Some aging men develop a condition of suppressed serum testosterone levels, which is associated with diffuse sexual, physical and psychological symptoms. Several terms are used for this syndrome, but late-onset hypogonadism (LOH) is preferred. The diagnosis of LOH is often uncertain because symptoms (occurring in 20–40% of men) and low circulating testosterone (found in 20% of men >70 years of age) seldom occur together. The strict diagnostic criteria for LOH include reproducibly low serum testosterone levels and sexual symptoms, including erectile dysfunction and reduced frequency of sexual thoughts and morning erections. Using these diagnostic criteria, only 2% of 40–80-year-old men have LOH. Obesity and impaired general health (including diabetes mellitus, cardiovascular and chronic obstructive pulmonary disease, and frailty) are more common reasons for low testosterone than advanced age per se.
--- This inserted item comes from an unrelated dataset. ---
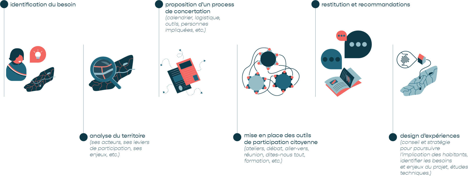 Collectivités territoriales, nous vous accompagnons pour aller à la rencontre des citoyens, des acteurs locaux ou de vos collaborateurs pour enrichir la construction de vos projets.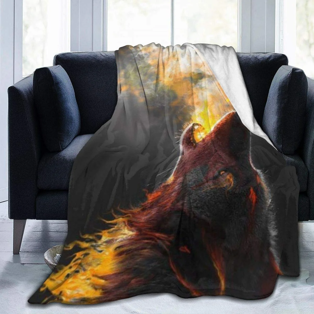Hawkalice Фланелевое Флисовое одеяло с 3D-принтом животных Золотая Луна волк всесезонный теплый светильник уютное плюшевое одеяло

It seems logical, therefore, to begin by treating these conditions before testosterone replacement therapy is initiated. Even then, testosterone should only be used if there are no contraindications, such as unstable cardiac disease, serious prostate symptoms and high hemoglobin level. The long-term benefit of testosterone replacement therapy is uncertain, and the experimental nature of the treatment, and its associated risks, must be fully explained to the patient before treatment begins.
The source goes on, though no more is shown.